NORMANDY, Mo. – A tree expert says it was no accident that killed a Normandy city worker trimming trees last Monday. Instead, he says it’s important to call it an avoidable incident that killed the father of nine.
A memorial of flowers and candles now marks the tree that killed 56-year-old Harold Parker. Parker was the father of nine children. He was reportedly an expert landscaper who was trimming trees on Jan. 9 with Normandy’s Public Works Department.
Drew Brauner, who runs another city’s public works department, says he’s cut down thousands of trees.
“It was 100% preventable,” he said. “…not an accident at all.”
“Trees are a lot like a gun. When you put a chainsaw into it, you’ve loaded it,” Brauner said. “There’s no real accidents. It’s now incidents.”
He says hollow trees, like the one that killed Parker, are unpredictable.
“At any time, it can just go,” Brauner said. “…a side of a tree can blow out. There are also multiple cut marks in the tree that let me know they were quickly unsure about what was going on. Long before the tree came down, there were signs that they probably should have backed off.”

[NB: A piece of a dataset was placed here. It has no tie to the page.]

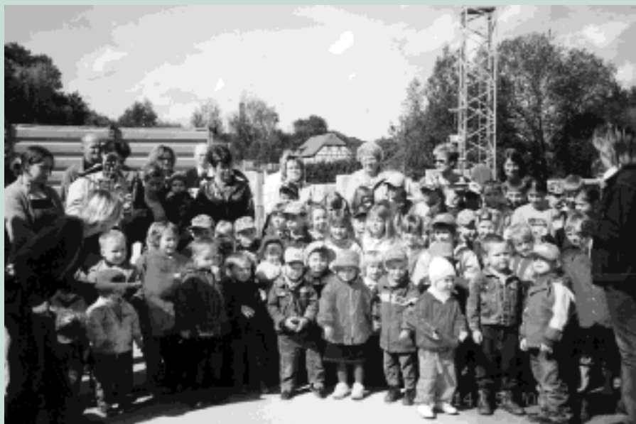
Kinderprogramm zur Grundsteinlegung des Kindergartens in Zehren am 14.05.2004

Brauner said he wants to know why it does not appear Normandy’s Public Works Department used ropes. He also would like to know if they used safety gear or whether they were briefed about how they would do the job safely. Those are all questions the city says it won’t yet answer as it investigates.
According to a police report obtained by FOX 2, four witnesses, all from the Department of Public Works, identified Parker as the one who made the cuts in the tree trunk and then ran right under the falling tree.
Brauner said that does not make sense.
“If you’re cutting here, there’s those three steps, and you can shift all the way around the tree,” he said. “Now it can go either direction.”
Making it even more unusual, a responding officer wrote in a Normandy Police report that “the male was lying with his head facing north and his feet south.” The direction north points back near the tree, which would mean Parker would have to fall in the opposite direction in which witnesses said he was running.
“I think the much more likely scenario is that (Parker) could have been in another area and the tree went 180 degrees in the wrong direction,” Brauner said. “And (maybe Parker was) clearing brush or protecting the public on the other side and was unexpectedly caught by surprise.”
A nearby surveillance camera would clear up all questions except that Normandy says it did not capture the incident.
On Tuesday, Mayor Mark Beckmann, the city administrator, and a certified safety professional from the Missouri Department of Labor were on the scene.
They declined to talk as they began their investigation.